## What you will do
Retype word for word the line containing "Eine Dankeschön-Karte mit" and each line that follows it in the records below, through the last one, with no pictures.

## Materials provided
⟨

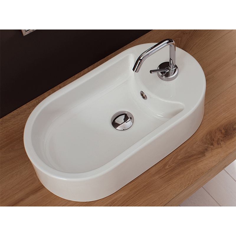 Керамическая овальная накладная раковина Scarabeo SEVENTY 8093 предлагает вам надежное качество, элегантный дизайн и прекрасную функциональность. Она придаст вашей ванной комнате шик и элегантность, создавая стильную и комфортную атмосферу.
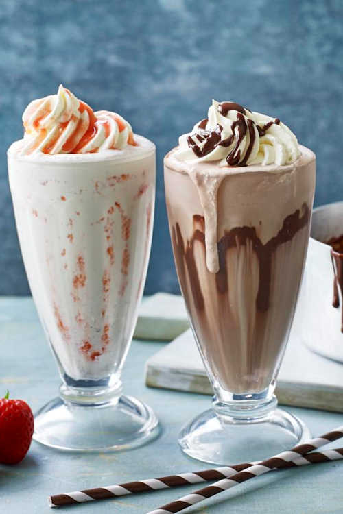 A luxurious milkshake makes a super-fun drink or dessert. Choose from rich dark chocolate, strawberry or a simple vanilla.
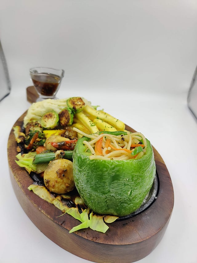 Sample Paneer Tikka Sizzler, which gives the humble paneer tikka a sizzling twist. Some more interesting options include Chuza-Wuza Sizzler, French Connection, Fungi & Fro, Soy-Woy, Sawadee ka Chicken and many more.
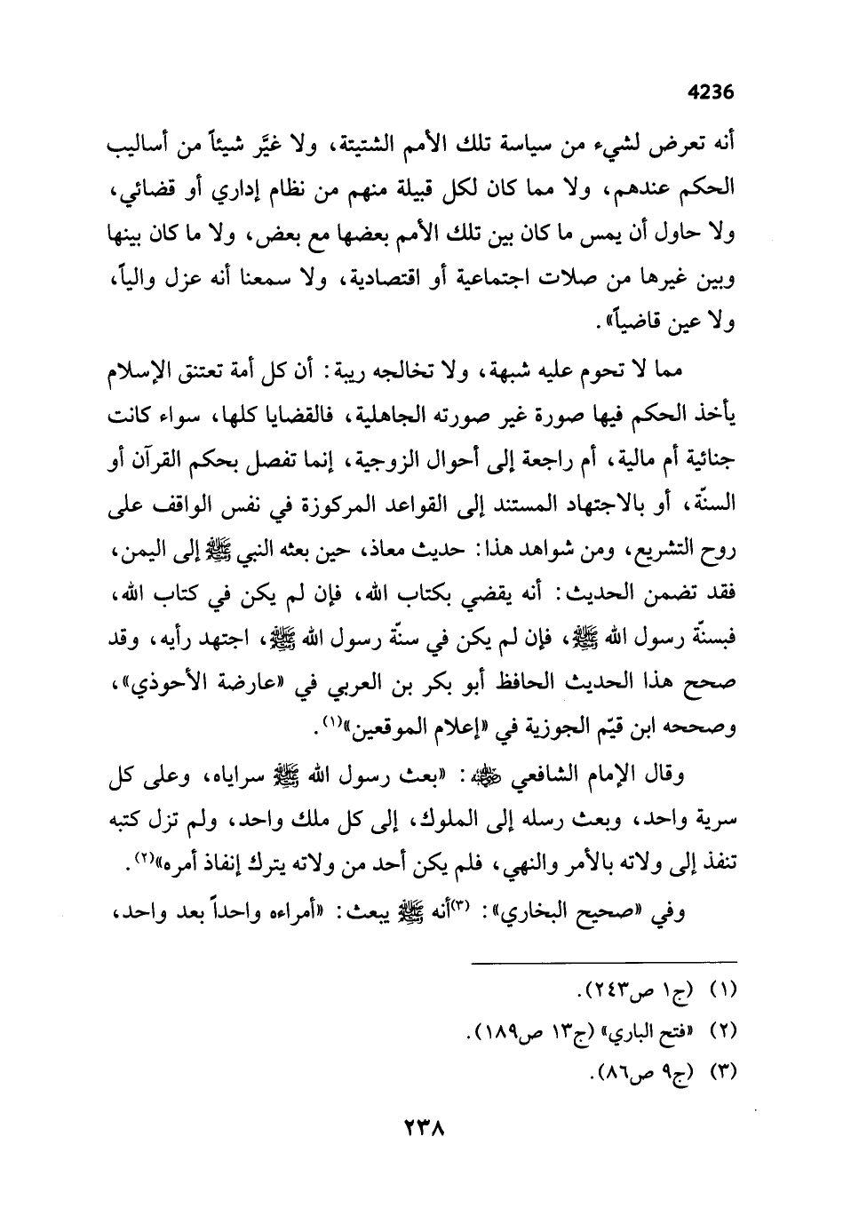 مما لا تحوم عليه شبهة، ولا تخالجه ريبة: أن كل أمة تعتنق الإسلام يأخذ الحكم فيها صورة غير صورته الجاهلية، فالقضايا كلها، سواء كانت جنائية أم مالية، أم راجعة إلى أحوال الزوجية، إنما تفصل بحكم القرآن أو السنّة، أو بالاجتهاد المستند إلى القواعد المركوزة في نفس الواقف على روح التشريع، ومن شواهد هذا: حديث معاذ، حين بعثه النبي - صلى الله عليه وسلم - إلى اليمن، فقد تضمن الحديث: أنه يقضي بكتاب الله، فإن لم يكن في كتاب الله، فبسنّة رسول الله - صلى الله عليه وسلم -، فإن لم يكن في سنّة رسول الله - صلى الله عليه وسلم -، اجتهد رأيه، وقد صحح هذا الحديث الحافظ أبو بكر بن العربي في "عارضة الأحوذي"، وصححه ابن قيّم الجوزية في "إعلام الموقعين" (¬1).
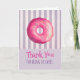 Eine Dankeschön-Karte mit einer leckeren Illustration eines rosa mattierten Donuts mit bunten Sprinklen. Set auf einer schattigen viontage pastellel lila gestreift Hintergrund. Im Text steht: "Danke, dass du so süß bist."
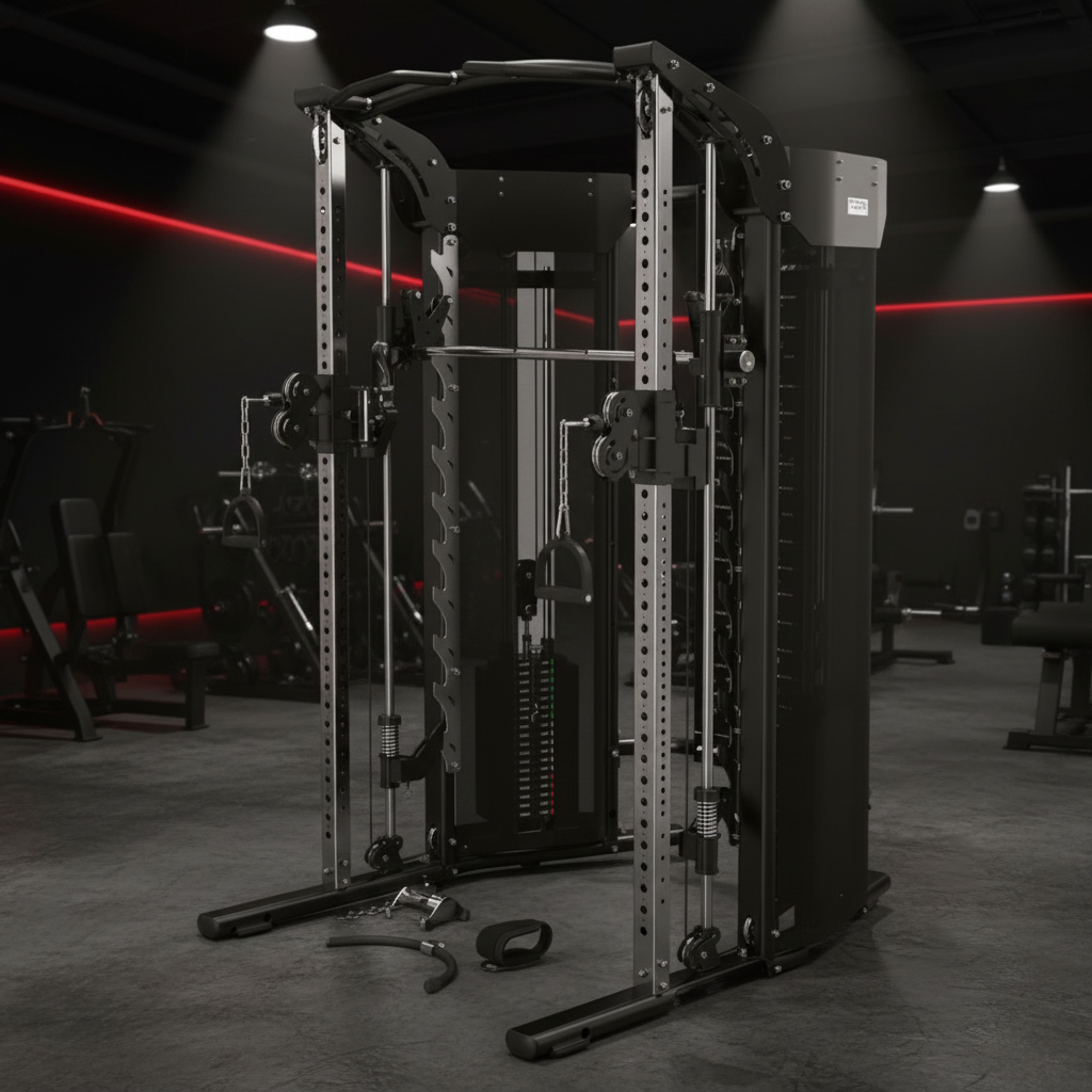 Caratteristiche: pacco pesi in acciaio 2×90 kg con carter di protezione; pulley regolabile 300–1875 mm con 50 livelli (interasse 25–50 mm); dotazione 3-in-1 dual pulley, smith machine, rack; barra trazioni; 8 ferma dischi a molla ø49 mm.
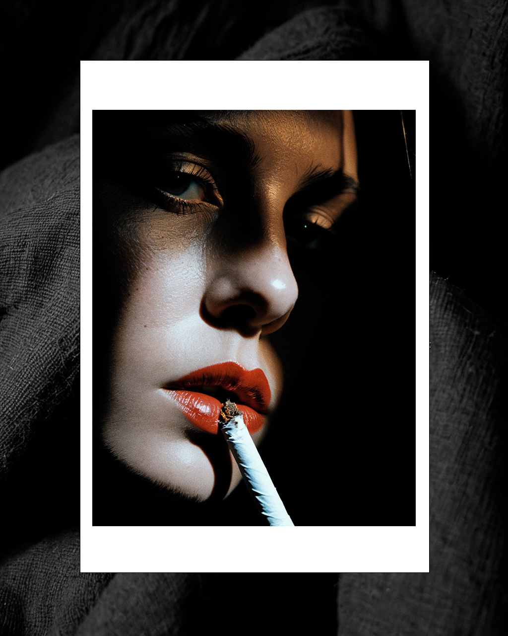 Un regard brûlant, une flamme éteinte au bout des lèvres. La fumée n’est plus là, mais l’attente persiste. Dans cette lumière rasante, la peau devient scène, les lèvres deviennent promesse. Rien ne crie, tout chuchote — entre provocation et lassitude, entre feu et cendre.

⟩

## Exercise answer
 Eine Dankeschön-Karte mit einer leckeren Illustration eines rosa mattierten Donuts mit bunten Sprinklen. Set auf einer schattigen viontage pastellel lila gestreift Hintergrund. Im Text steht: "Danke, dass du so süß bist."
 Caratteristiche: pacco pesi in acciaio 2×90 kg con carter di protezione; pulley regolabile 300–1875 mm con 50 livelli (interasse 25–50 mm); dotazione 3-in-1 dual pulley, smith machine, rack; barra trazioni; 8 ferma dischi a molla ø49 mm.
 Un regard brûlant, une flamme éteinte au bout des lèvres. La fumée n’est plus là, mais l’attente persiste. Dans cette lumière rasante, la peau devient scène, les lèvres deviennent promesse. Rien ne crie, tout chuchote — entre provocation et lassitude, entre feu et cendre.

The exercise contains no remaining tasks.